DeWitt Clinton Hunter

DeWitt Clinton Hunter

The third of David and Margaret (McBride) Hunter’s four sons, born August 2, 1830, was named DeWitt Clinton, after the builder of the Erie Canal. He was born while the family’s western progress found them in Illinois in 1830, but by 1837 they were in Dade County, Missouri, where his father, David Hunter, was a justice of the peace. When northern Dade was divided off as Cedar County in 1845, David became one of its first judges of the county court. DeWitt grew up on the home farm in southern Cedar County, and in 1850 headed for the California goldfields. He spent four years in the mines and met with moderate success, but he grew homesick, came back to Cedar County in 1854, and moved on over into Vernon County the same year. He clerked for a time in a store, and nothing is known of his schooling, but his natural qualifications became recognized and he was appointed the first circuit and county clerk (Brophy, 2005).

Vernon County was just getting organized, and young Hunter was present at the creation. This was the memorable 1855 first meeting of the county court in Noah Caton’s log cabin home three miles north of the present Nevada Square. Locating and naming a county seat was a first order of business. The Nevada neighborhood had acquired the name “Fairview,” for its glades of white oaks, but when the name was proposed, Hunter pointed out that a Cass County post office already bore it. “Well, then, Hunter,” the judges retorted, “you give it a name.” Hunter had spent his California years around Nevada City, and had pleasant memories of that Sierra town. He proposed the name, Nevada City, and the court, after turning over the idea, decided they liked it and adopted it (Brophy, 2005).

Hunter, also deputy county surveyor, was hustled off to lay out the new town. In May 1856 he began work on a house southwest of the Square. A. G. Anderson had earlier begun work on a “storehouse,” but his structure was blown away in a windstorm, so Hunter’s frame home was the first building to be completed in Nevada.

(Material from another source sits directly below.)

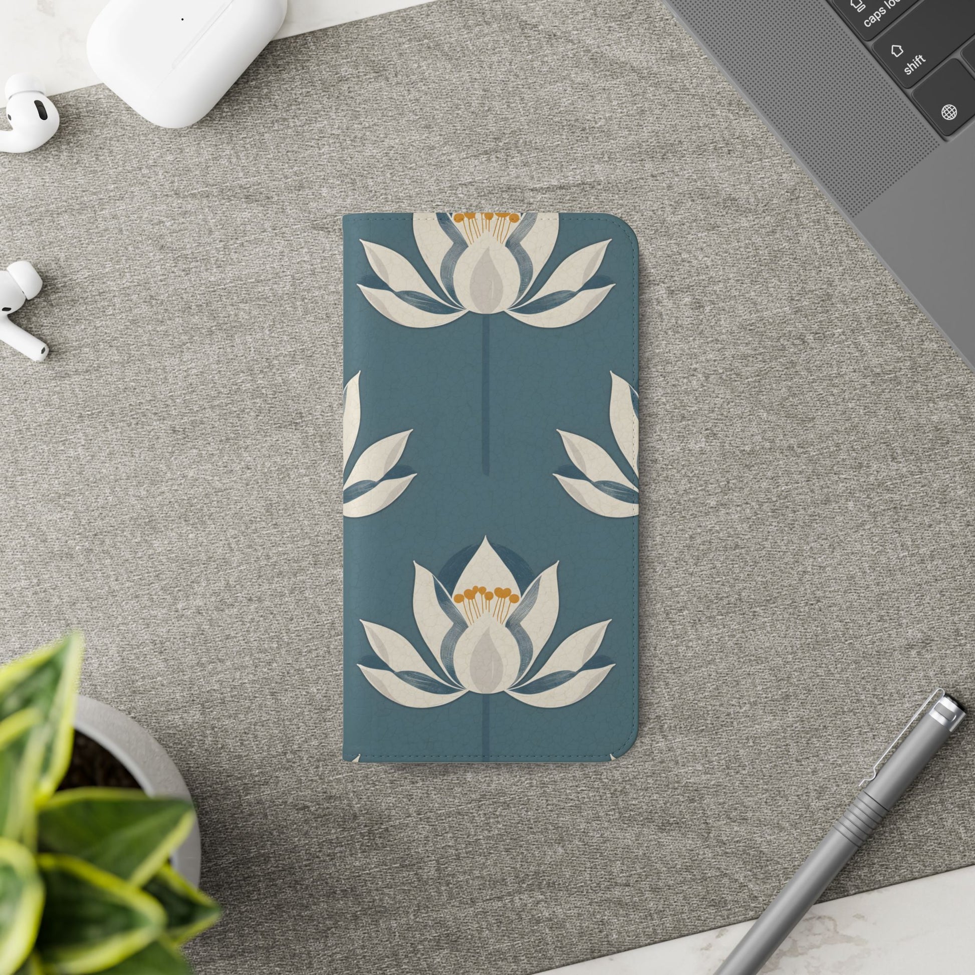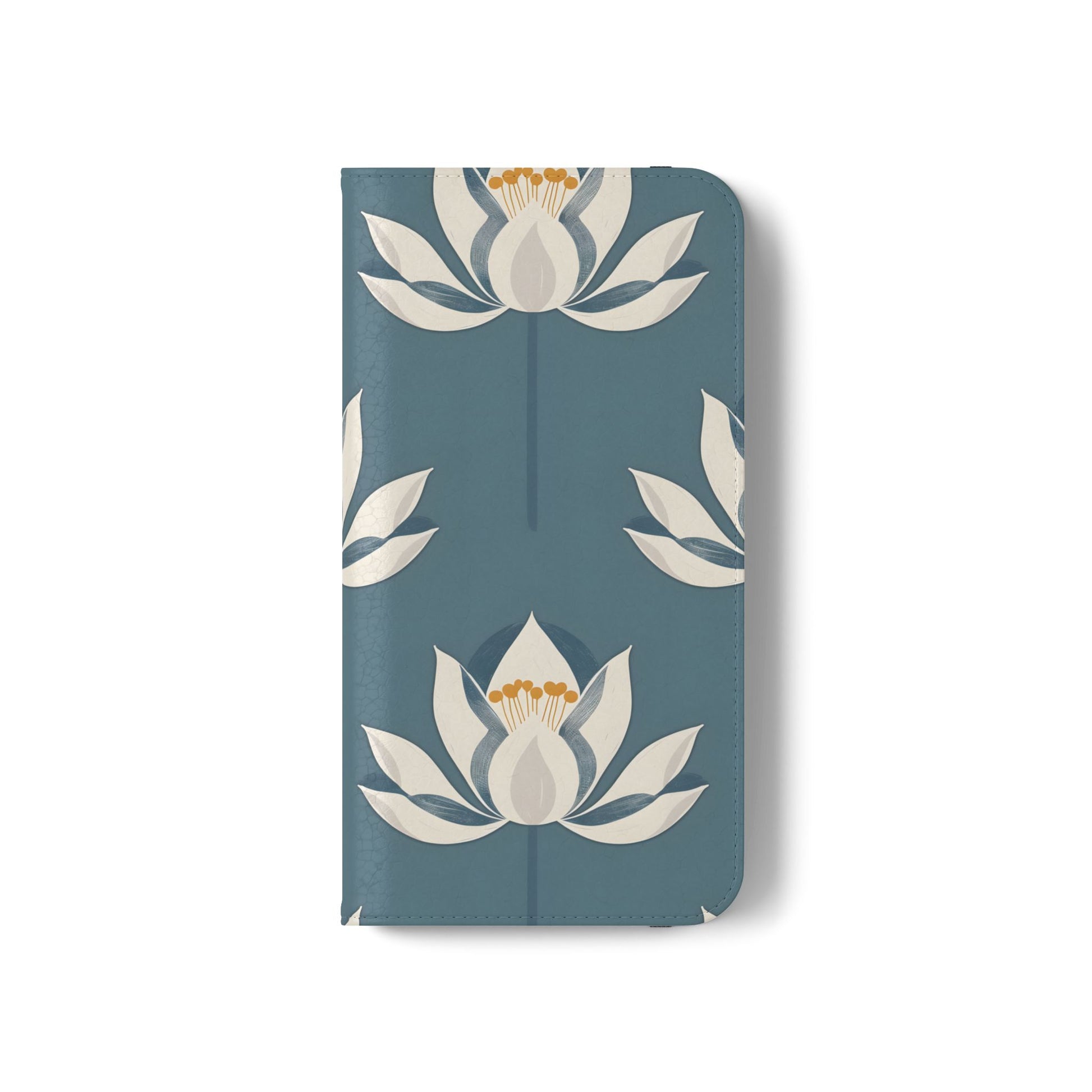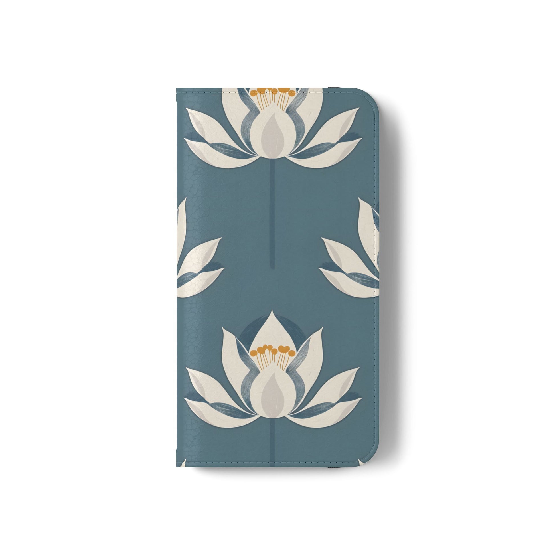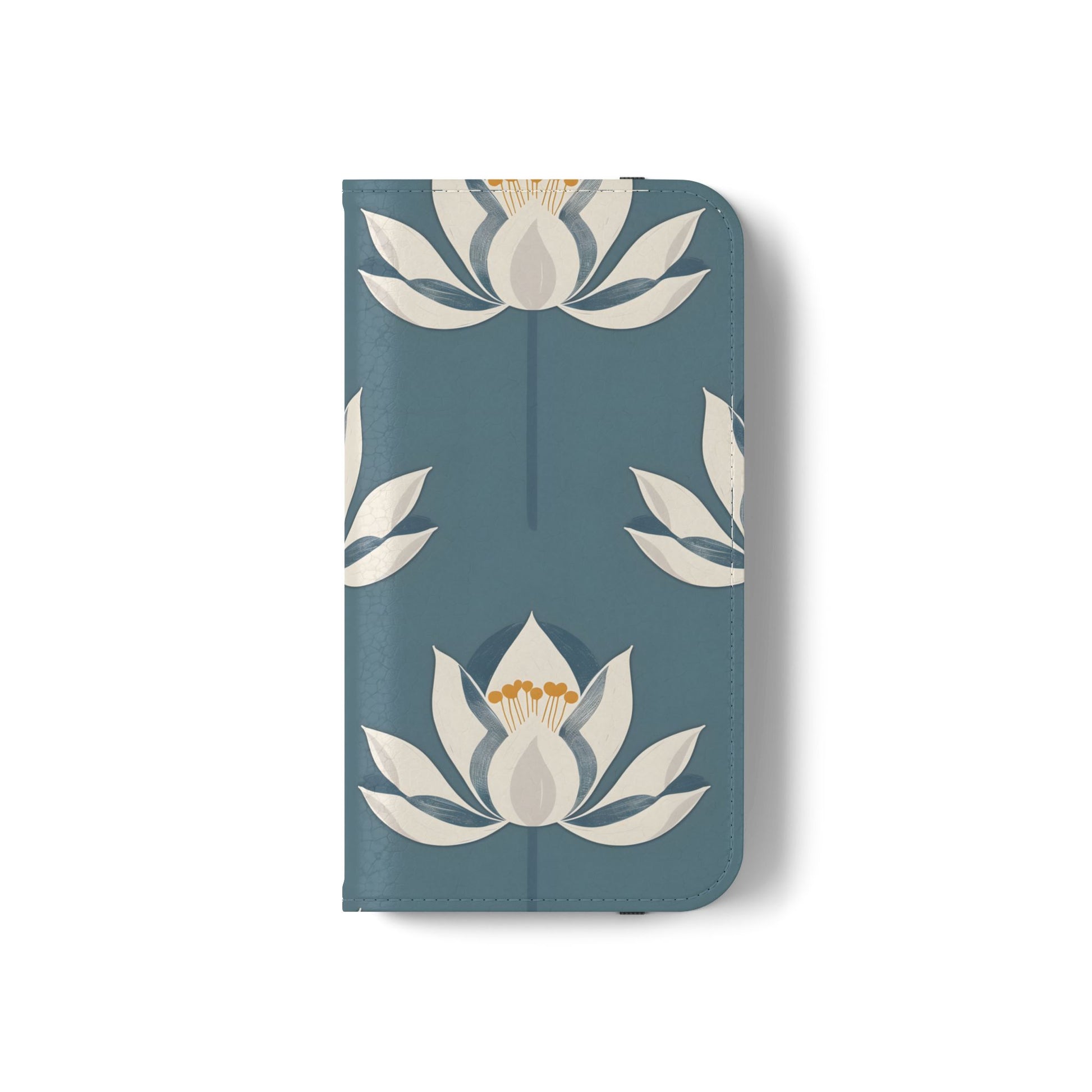Bring calm elegance to your everyday with the Lotus Serenity Vegan Leather Wallet Case. This design features a repeating pattern of graceful lotus blossoms set against a serene blue background. The soft ivory petals, accented with golden centers, symbolize purity and renewal—making your iPhone feel like more than just a device, but a piece of mindful art you carry with you.

Hunter’s house was used for a courthouse when court was first held-in Nevada, and Hunter built a smokehouse in which he allowed the grand jury to deliberate (Brophy, 2005)!

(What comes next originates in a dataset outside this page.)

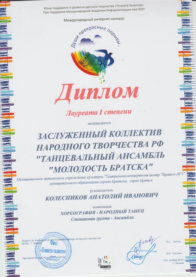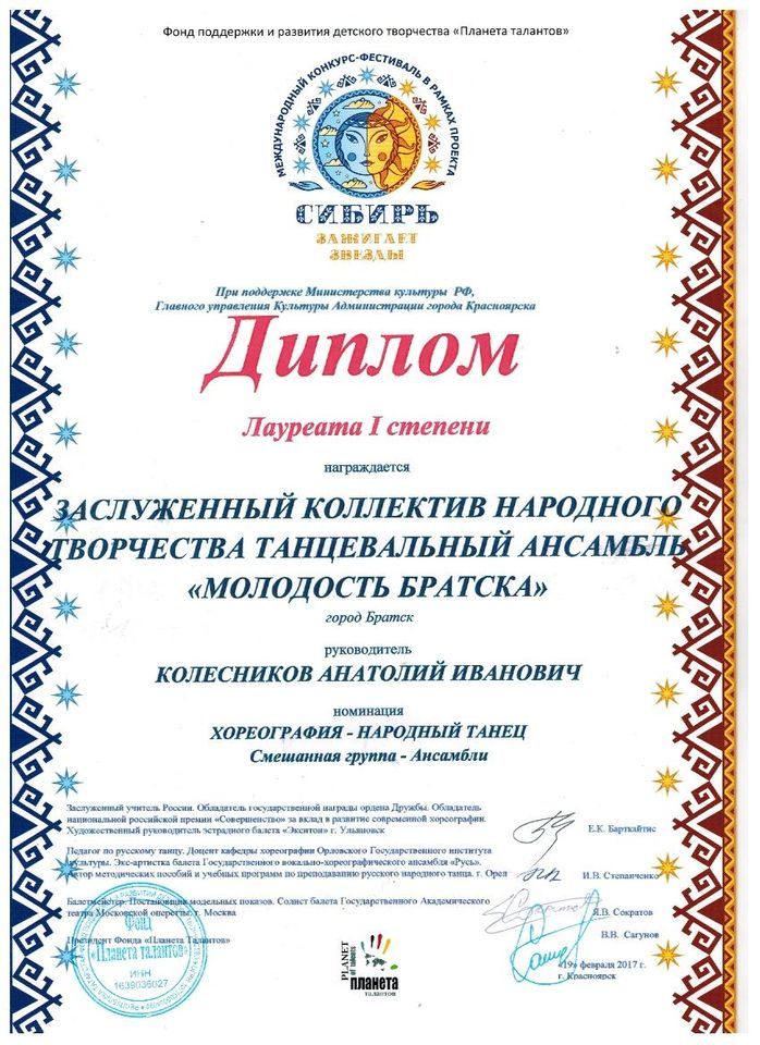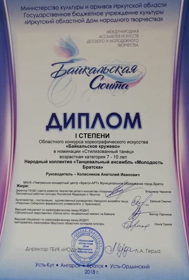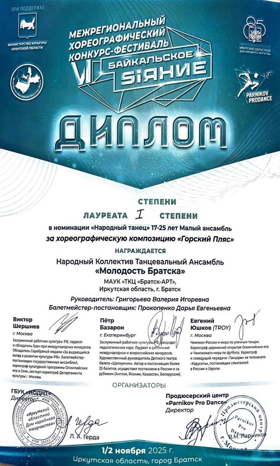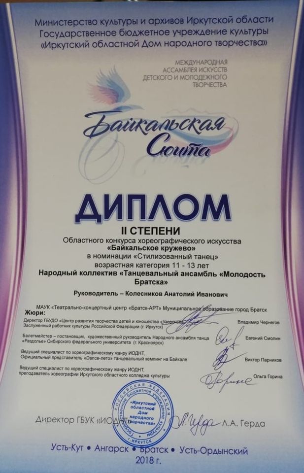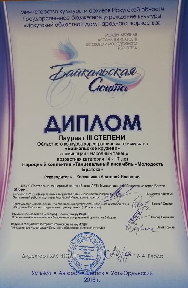 - Диплом Лауреата I степени VI Межрегионального хореографического конкурса-фестиваля «Байкальское Siяние» в номинации «Народный танец», возрастная группа 17-25 лет (номер «Горский пляс»), г. Братск

About this time Hunter married M. Kate Blake, and the Hunters became the first resident Nevadans. Miss Blake was also a Cedar Countian, the daughter of Dr. William G. Blake. Hunter was assigned to design and superintend a new courthouse. Election confirmed his appointment as circuit and county clerk. The Federal government appointed him Nevada’s first postmaster. In 1858 he was admitted to the bar, becoming Nevada’s first attorney. He was a charter member of the Osage Lodge No. 303, A.F. & A.M. (Masons), and a founding member of two local churches, the First Christian, and later, the Seventh-day Adventist, after he became a member and an able defender of the teachings of that body (Brophy, 2005).

The Kansas troubles of the late 1850s led to the sending of the state’s major military force to Vernon and Bates counties, and the organizing of local militia companies. As if Hunter didn’t have enough jobs, he was commissioned a lieutenant in the company raised in Nevada. When the Civil War broke out, Hunter, a firm champion of Southern interests, promptly identified himself with the cause of the South, and entered the State service as lieutenant. Upon the reorganization of the Vernon county battalion he became colonel of the 7th cavalry regiment, Rains’ division, Missouri State Guard, and led it at the battle of Wilson’s Creek. When his term of service had expired he entered the Confederate service and in the fall of 1862 was commissioned colonel of the 11th Missouri infantry, a regiment previously recruited by him in this section of the State. He served in Arkansas under General Hindman, taking part in the battle of Prairie Grove, until February 1, 1863, when he resigned, and raising another regiment of cavalry, joined General Shelby’s brigade, with which he was identified until the close of the war. During Shelby’s raid into Missouri, when that officer was defeated at Marshall, and his force cut in two, Colonel Hunter led 500 men over 200 miles through a hostile country safely into Arkansas (Brophy, 2005).

On May 23, 1863, a company of Federal Militia from Cedar and St. Clair counties arrived in Nevada City to exact retribution for a recent ambush by local Bushwhackers. The Union Soldiers gave local residents twenty minutes to rescue their belongings before setting fire to the town. Almost all of the public, commercial, and residential buildings were destroyed in the incident. Only a few structures were spared the torch, one of them being the old Vernon County Jail (History, 1887).

Nevada City was rebuilt after the war’s end in 1865, with the name being officially changed to Nevada in 1869 (History, 1887).


Citations

Brophy, Patrick. (2005, Sep. 8). Col. DeWitt Clinton Hunter, 1830-1904, Part One. Retrieved from nevadadailymail.com.

(1887). History of Vernon County, Missouri: St. Louis: Brown & Co., pp. 646-647.